Work request:
With every picture left out, restate the listing below exactly as written.

Data extract:

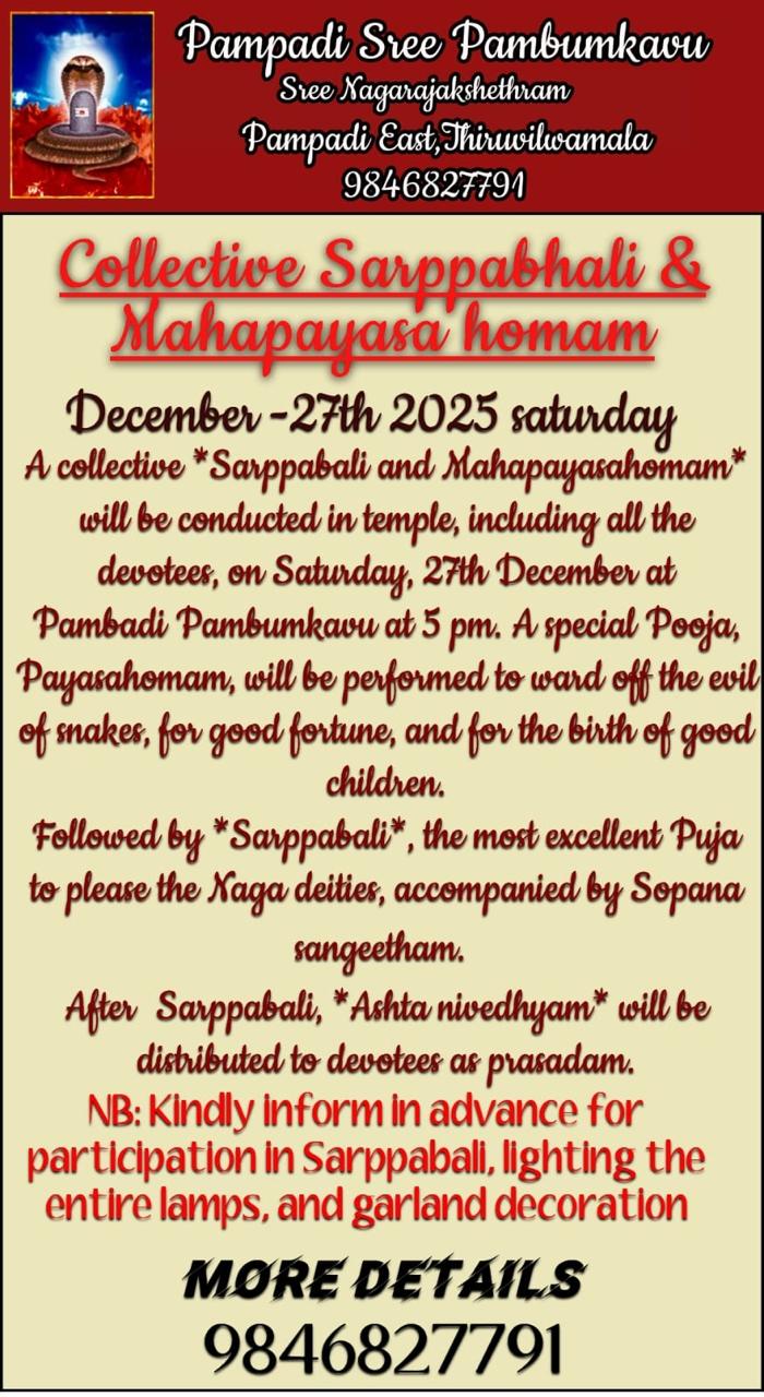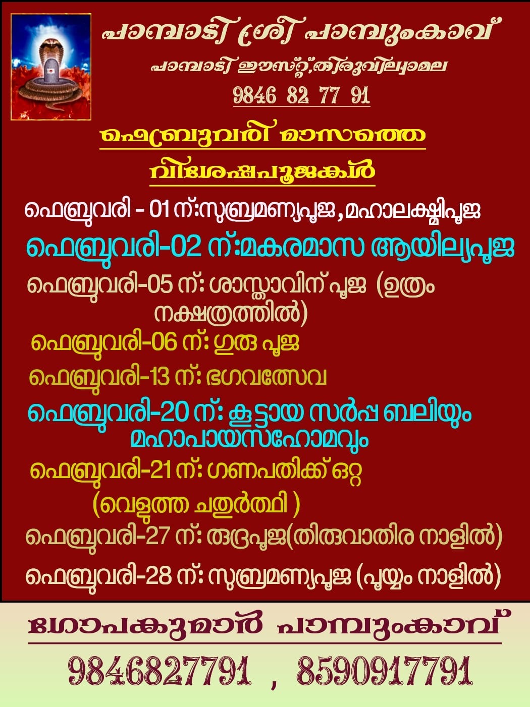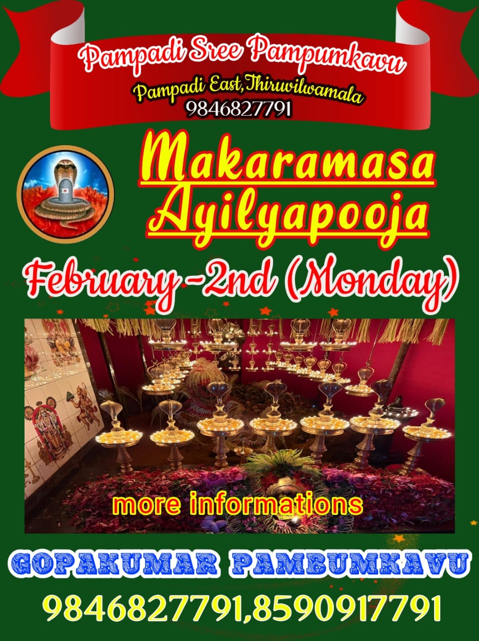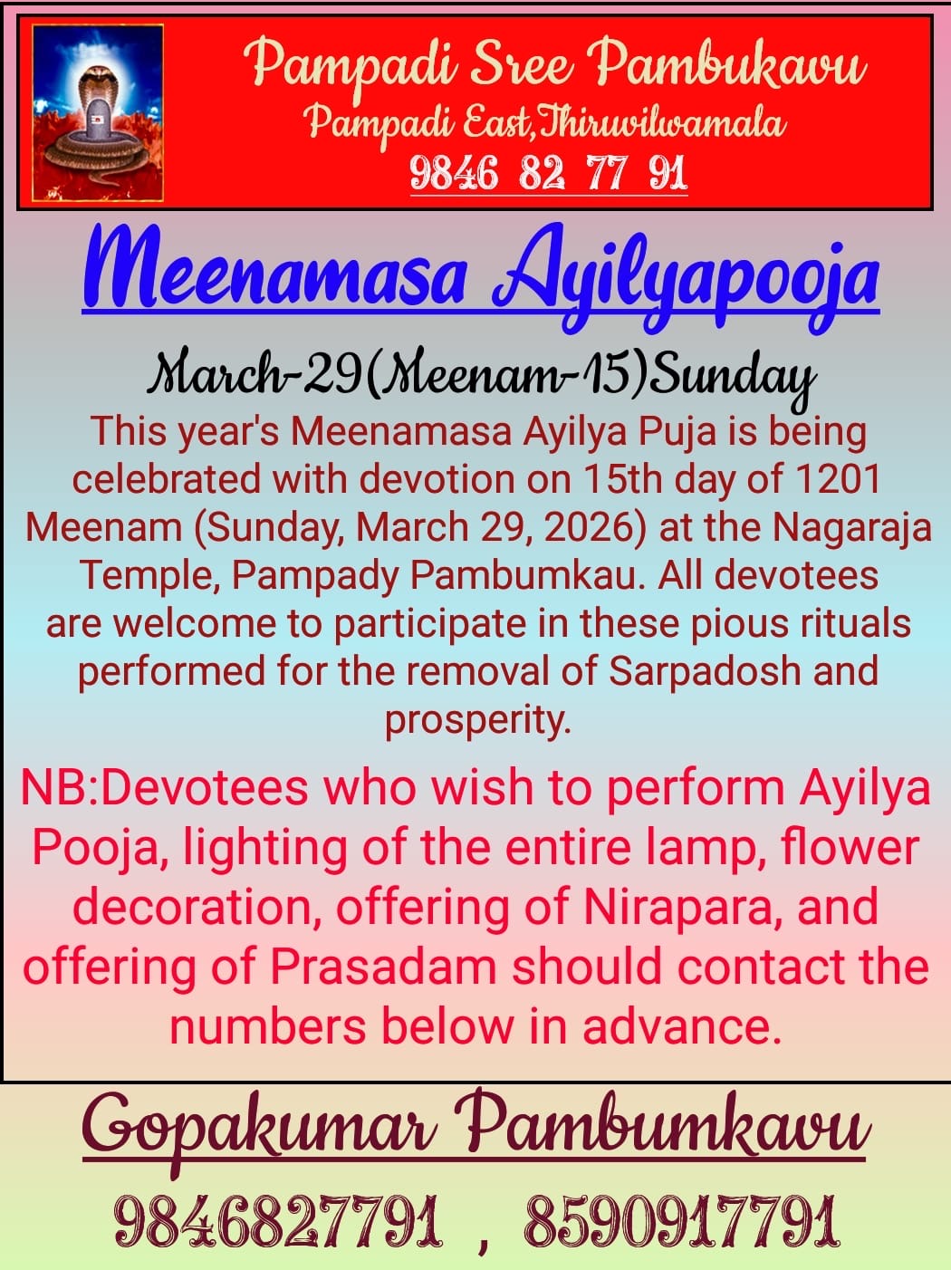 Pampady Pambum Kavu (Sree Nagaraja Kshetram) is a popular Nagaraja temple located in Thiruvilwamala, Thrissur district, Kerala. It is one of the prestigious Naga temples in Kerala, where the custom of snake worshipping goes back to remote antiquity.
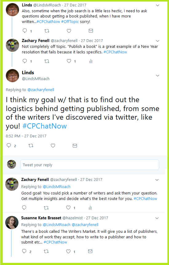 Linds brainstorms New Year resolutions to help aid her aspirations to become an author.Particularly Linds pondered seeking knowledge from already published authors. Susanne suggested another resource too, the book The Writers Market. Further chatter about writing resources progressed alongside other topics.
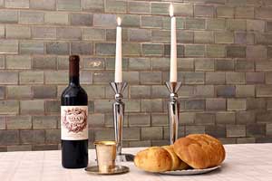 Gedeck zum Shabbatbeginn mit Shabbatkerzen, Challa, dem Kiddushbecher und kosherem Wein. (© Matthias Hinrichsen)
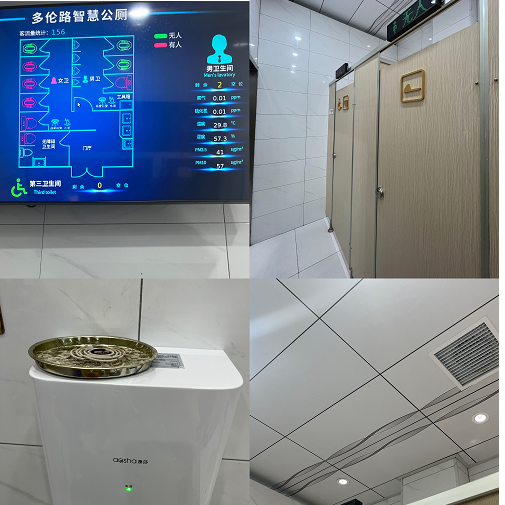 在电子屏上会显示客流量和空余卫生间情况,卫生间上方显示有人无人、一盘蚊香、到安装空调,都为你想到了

Result:
 Pampady Pambum Kavu (Sree Nagaraja Kshetram) is a popular Nagaraja temple located in Thiruvilwamala, Thrissur district, Kerala. It is one of the prestigious Naga temples in Kerala, where the custom of snake worshipping goes back to remote antiquity.
 Linds brainstorms New Year resolutions to help aid her aspirations to become an author.Particularly Linds pondered seeking knowledge from already published authors. Susanne suggested another resource too, the book The Writers Market. Further chatter about writing resources progressed alongside other topics.
 Gedeck zum Shabbatbeginn mit Shabbatkerzen, Challa, dem Kiddushbecher und kosherem Wein. (© Matthias Hinrichsen)
 在电子屏上会显示客流量和空余卫生间情况,卫生间上方显示有人无人、一盘蚊香、到安装空调,都为你想到了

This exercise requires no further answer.